Content starts
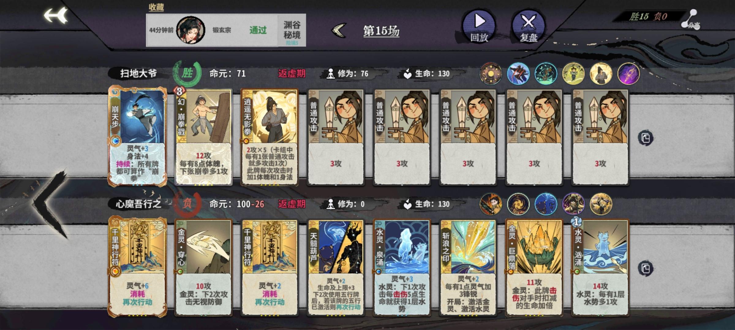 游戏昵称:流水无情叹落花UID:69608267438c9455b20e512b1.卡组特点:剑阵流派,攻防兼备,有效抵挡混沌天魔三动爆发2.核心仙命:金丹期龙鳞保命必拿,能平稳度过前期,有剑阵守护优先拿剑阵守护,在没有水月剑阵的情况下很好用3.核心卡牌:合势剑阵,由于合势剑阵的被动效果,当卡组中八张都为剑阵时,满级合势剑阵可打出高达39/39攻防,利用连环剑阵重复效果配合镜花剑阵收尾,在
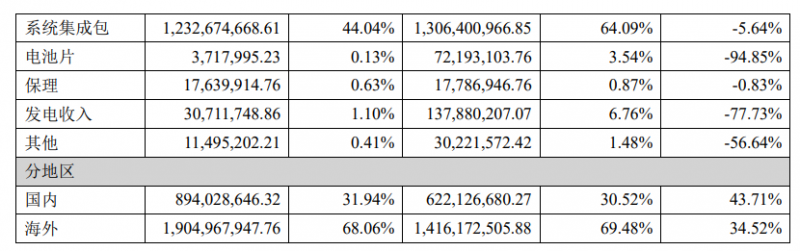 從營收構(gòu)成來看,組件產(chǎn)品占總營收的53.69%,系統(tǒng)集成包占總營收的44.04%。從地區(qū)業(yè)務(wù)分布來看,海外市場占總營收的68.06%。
Content ends
Content starts
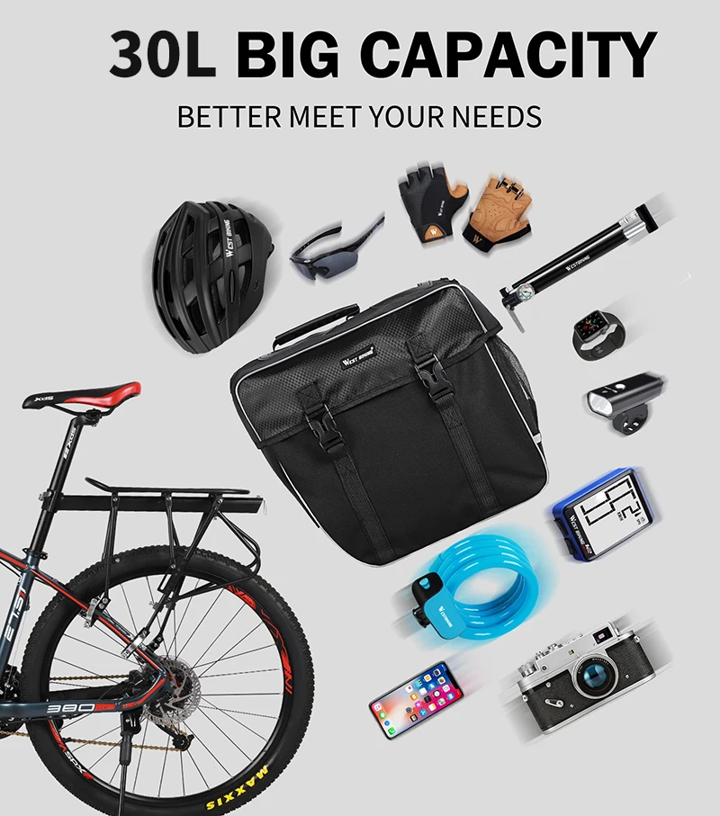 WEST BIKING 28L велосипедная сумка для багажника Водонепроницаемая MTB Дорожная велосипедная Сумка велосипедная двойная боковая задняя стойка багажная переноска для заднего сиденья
Content ends
I would like the exact lines from the data above, starting with the one that holds "游戏昵称:流水无情叹落花UI" and going on through the one that holds "從營收構(gòu)成來看,組", without the pictures.

YOUR SOLUTION:
 游戏昵称:流水无情叹落花UID:69608267438c9455b20e512b1.卡组特点:剑阵流派,攻防兼备,有效抵挡混沌天魔三动爆发2.核心仙命:金丹期龙鳞保命必拿,能平稳度过前期,有剑阵守护优先拿剑阵守护,在没有水月剑阵的情况下很好用3.核心卡牌:合势剑阵,由于合势剑阵的被动效果,当卡组中八张都为剑阵时,满级合势剑阵可打出高达39/39攻防,利用连环剑阵重复效果配合镜花剑阵收尾,在
 從營收構(gòu)成來看,組件產(chǎn)品占總營收的53.69%,系統(tǒng)集成包占總營收的44.04%。從地區(qū)業(yè)務(wù)分布來看,海外市場占總營收的68.06%。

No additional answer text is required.